I ran across this recipe the other day and was instantly intrigued. I absolutely love chile rellenos and this sounded so similar I just had to try it. Unfortunately, my salsa verde expired in 2011. No problem, I thought, I'll just improvise with the sauce from my enchiladas recipe. Oops, out of green chiles! Fortunately I had some frozen roasted Hatch chiles. And, I prefer flour tortillas over corn any day, so I swapped them out as well. After all that, I ended up with something delicious! The flour tortillas do get a bit soggy in the sauce so if you don't like the texture, go with the corn.
Poblano and Cheese Enchiladas
serves 4 - 6
1 c. chicken broth
1c. evaporated milk
1/4 c. flour
1/4 c. chopped roasted green chiles (or one small can)
2 T dried minced onion
1 t. garlic powder
1 c. sour cream
4 poblano chiles, roasted, seeded and cut in half lengthwise
3 cups shredded cheese, divided (I used a mix of jack and cheddar)
8 flour tortillas, fajita size
Preheat the oven to 350 degrees.
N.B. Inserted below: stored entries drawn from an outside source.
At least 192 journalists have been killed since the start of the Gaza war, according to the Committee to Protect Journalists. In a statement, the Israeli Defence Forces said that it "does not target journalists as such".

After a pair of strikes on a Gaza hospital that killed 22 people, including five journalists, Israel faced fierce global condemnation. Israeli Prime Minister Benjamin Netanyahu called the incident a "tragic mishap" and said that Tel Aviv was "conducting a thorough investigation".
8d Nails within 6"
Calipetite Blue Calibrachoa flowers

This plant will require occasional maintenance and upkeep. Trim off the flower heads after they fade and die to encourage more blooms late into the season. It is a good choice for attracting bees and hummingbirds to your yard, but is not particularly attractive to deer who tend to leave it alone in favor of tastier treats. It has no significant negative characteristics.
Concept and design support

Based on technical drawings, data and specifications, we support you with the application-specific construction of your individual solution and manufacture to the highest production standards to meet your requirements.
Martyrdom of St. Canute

Bring chicken broth to a boil in a medium saucepan. Meanwhile stir the flour into the milk until smooth. Whisk the milk mixture into the broth and cook over medium heat until thickened. Stir in the chiles, onion, and garlic powder. Continue to cook five minutes longer. Remove from heat; stir in the sour cream.
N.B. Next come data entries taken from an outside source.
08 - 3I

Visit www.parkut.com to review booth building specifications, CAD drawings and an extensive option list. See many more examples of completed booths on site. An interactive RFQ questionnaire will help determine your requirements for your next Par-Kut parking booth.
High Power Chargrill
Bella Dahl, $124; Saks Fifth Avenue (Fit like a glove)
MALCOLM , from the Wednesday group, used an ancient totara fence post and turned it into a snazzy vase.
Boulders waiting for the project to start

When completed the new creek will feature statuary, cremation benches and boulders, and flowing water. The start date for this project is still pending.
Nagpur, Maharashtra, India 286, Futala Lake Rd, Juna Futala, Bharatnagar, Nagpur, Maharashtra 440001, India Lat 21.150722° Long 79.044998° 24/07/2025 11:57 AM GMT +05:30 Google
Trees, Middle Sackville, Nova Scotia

Spread 1/2 cup of sauce in the bottom of a 9x13 baking dish. Place half a poblano and 1/4 cup of cheese in the center of a tortilla. Roll tightly and place, seam side down, in the baking dish. Continue with remaining peppers and tortillas. Pour the remaining sauce evenly over the enchiladas. Sprinkle with the remaining cheese. Bake 25 - 30 minutes until the cheese is bubbly.